Our annual review of new liquid chromatography (LC) columns and accessories introduced at Pittcon and throughout the previous year.

David S. Bell, Column Watch Editor

Our annual review of new liquid chromatography (LC) columns and accessories introduced at Pittcon and throughout the previous year.

For many years, Ron Majors has been writing about the products released at Pittcon. Last year Michael Swartz began a new tradition whereby chromatography columns and accessories for the entire year were included in the report (1). This year, the tradition started by Michael continues. LCGC sent out a survey in early 2016 asking vendors to supply them with any products launched after Pittcon 2015. This article covers those products in the category of liquid chromatography (high performance liquid chromatography [HPLC] and ultrahigh-pressure liquid chromatography [UHPLC]) and related accessories. Other areas such as gas chromatography, instrumentation, and sample preparation are covered elsewhere (2,3). Because information for this article is obtained sporadically over the course of many months, it is very possible that some information has been missed. The reader is encouraged to check with specific vendors for additional products as well as more-detailed information regarding what is covered here.

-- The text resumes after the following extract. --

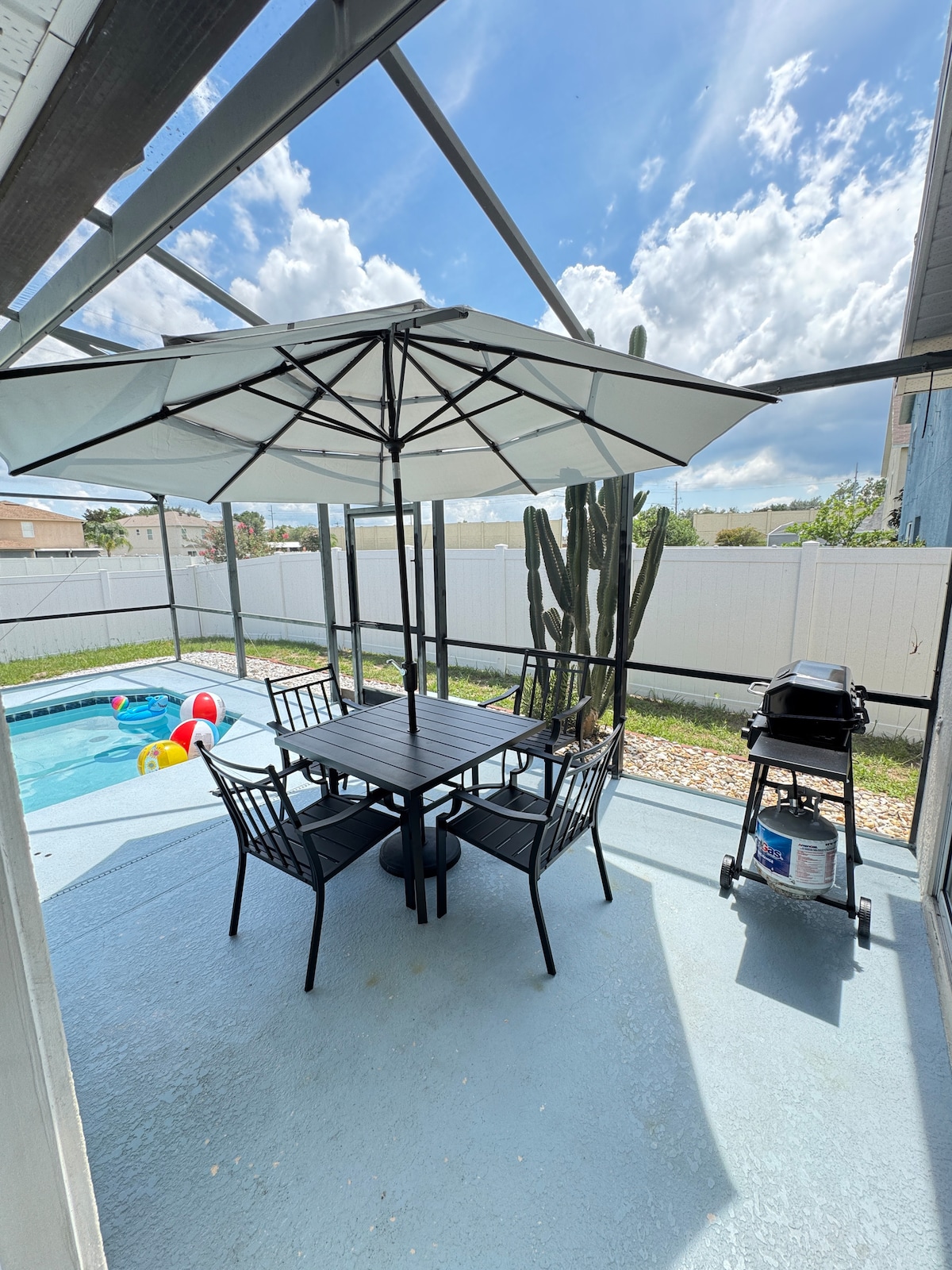 Relax with the whole family at this peaceful house in Davenport, just miles from Disney World Orlando Florida Theme Parks, Universal Studios, Sea World and Legoland. Enjoy our PRIVATE POOL with optional WATER HEATER. 3 bedrooms, 2 bathrooms, fully equipped kitchen, Smart TV's and strong Wi-Fi all around the house. Enjoy our Garage Games Room with Indoor Basketball and Ping-Pong Table. Close to ChampionsGate, Restaurants & Retail stores.

The vendors that responded to the survey with HPLC and UHPLC columns and accessories are listed in Table 1. The list contains very well-known vendors, such as Waters and Agilent Technologies, but also several lesser-known vendors. The product range is also highly varied from traditional reversed-phase columns using fully porous materials to specialty columns aimed at monoclonal antibody (mAb) analyses. With such a varied list, further discussion requires some breakdown of the different offerings. The initial sorting was accomplished based on differentiation between application towards small and large molecules. Within the general small-molecule category, three subcategories could be established: reversed‑phase, hydrophilic‑interaction chromatography (HILIC), and chiral offerings. Each of these is discussed separately below. For large‑molecule products, subcategories involving reversed-phase, size-exclusion, ion-exchange, and affinity chromatography are identified and discussed later in this instalment. Furthermore, there were several product launches for supercritical fluid chromatography (SFC) that deserve some discussion. Lastly, several accessories relating to HPLC are noted.


Small Molecules

Reversed-Phase Chromatography: The product offerings assigned to the small-molecule, reversed-phase category are listed in Table 2. As can be observed from the table, a wide variety of stationary-phase chemistries and particle architectures are present. Companies such as Agilent Technologies, ChromaNik Technologies, MilliporeSigma, Phenomenex, and Restek continue to fill out their superficially porous particle (SPP) lines with additional chemical modifications aimed at enhancing small-molecule selectivity options. Agilent and Phenomenex both launched SPP-based C18 phases with an extended range of pH stability. MilliporeSigma and Restek extended their SPP stationary-phase lines with additional aromatic phases with the introduction of biphenyl and pentafluorphenyl columns, respectively. ChromaNik extended its own SPP line through the introduction of a C30 phase. C30 phases often find utility in the separation of closely related carotenoids as well as offering shape selectivity for fused-ring systems like polyaromatic hydrocarbons (PAHs).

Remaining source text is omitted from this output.